§ Task statement
Would you transcribe the records below from the line with "食用油类商品价格微幅调整。上" to the line with "Причина ОКР: волнение", ends included, exactly and with nothing more, leaving the pictures out?

§ Dataset
= Beginning of Section =

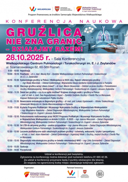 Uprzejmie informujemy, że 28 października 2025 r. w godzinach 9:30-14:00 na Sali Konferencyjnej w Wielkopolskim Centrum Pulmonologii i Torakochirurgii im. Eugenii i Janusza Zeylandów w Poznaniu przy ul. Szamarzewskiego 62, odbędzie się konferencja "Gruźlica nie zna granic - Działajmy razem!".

= End of Section =
= Beginning of Section =

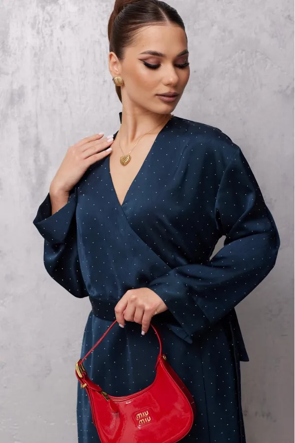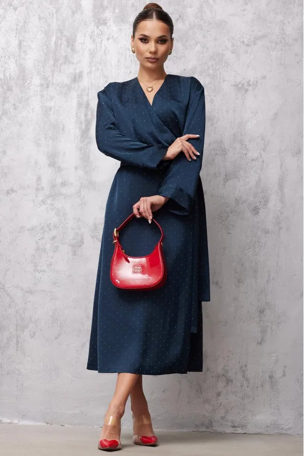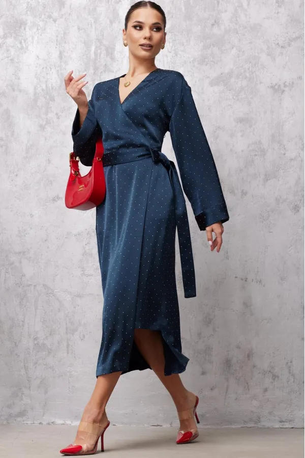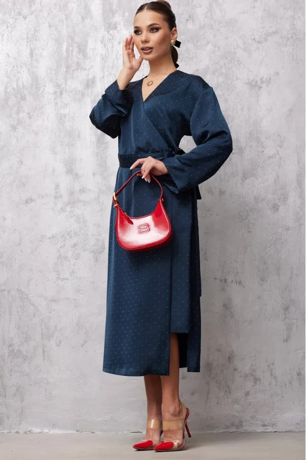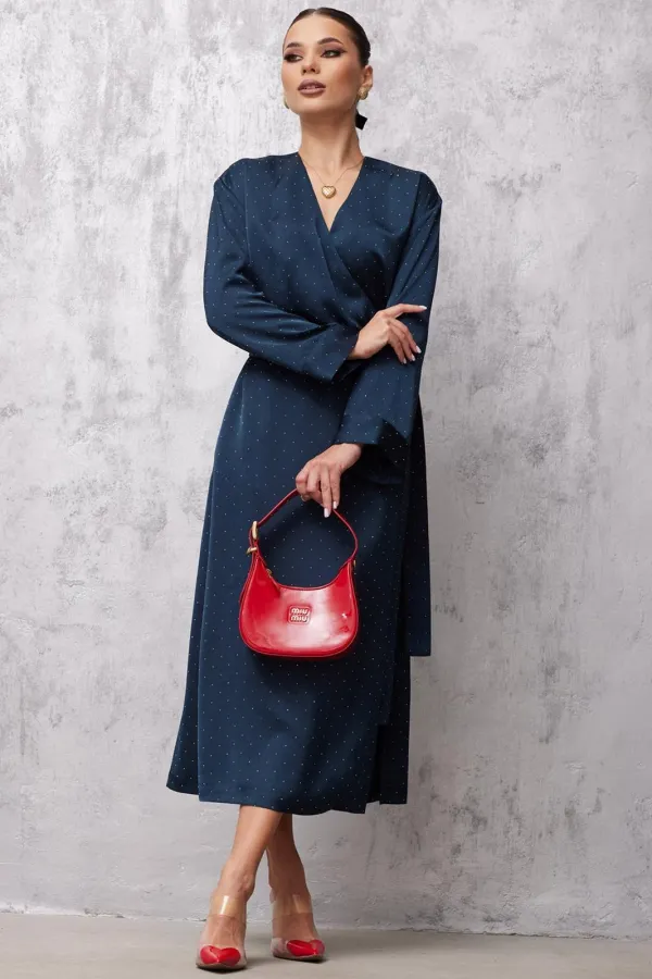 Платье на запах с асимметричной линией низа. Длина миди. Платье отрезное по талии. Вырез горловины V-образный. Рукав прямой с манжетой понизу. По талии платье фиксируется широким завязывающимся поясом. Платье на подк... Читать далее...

= End of Section =
= Beginning of Section =

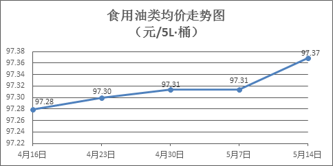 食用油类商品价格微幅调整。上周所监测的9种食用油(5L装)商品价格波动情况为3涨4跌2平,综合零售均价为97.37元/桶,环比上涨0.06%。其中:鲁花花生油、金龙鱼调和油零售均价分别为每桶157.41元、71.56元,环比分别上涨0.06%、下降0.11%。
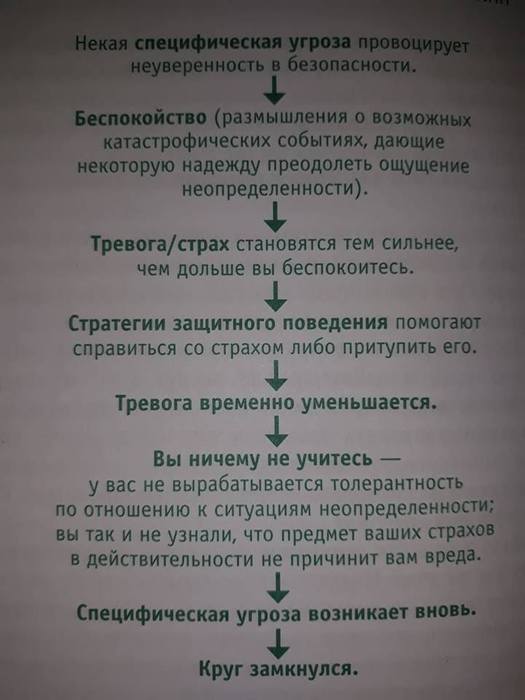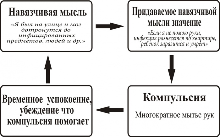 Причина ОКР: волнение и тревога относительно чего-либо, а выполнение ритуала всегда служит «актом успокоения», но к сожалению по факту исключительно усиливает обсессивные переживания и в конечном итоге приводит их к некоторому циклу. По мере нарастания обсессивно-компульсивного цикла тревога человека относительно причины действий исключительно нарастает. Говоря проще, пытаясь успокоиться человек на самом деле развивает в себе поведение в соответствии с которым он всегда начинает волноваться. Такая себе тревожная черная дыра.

= End of Section =

§ Exercise response
 食用油类商品价格微幅调整。上周所监测的9种食用油(5L装)商品价格波动情况为3涨4跌2平,综合零售均价为97.37元/桶,环比上涨0.06%。其中:鲁花花生油、金龙鱼调和油零售均价分别为每桶157.41元、71.56元,环比分别上涨0.06%、下降0.11%。
 Причина ОКР: волнение и тревога относительно чего-либо, а выполнение ритуала всегда служит «актом успокоения», но к сожалению по факту исключительно усиливает обсессивные переживания и в конечном итоге приводит их к некоторому циклу. По мере нарастания обсессивно-компульсивного цикла тревога человека относительно причины действий исключительно нарастает. Говоря проще, пытаясь успокоиться человек на самом деле развивает в себе поведение в соответствии с которым он всегда начинает волноваться. Такая себе тревожная черная дыра.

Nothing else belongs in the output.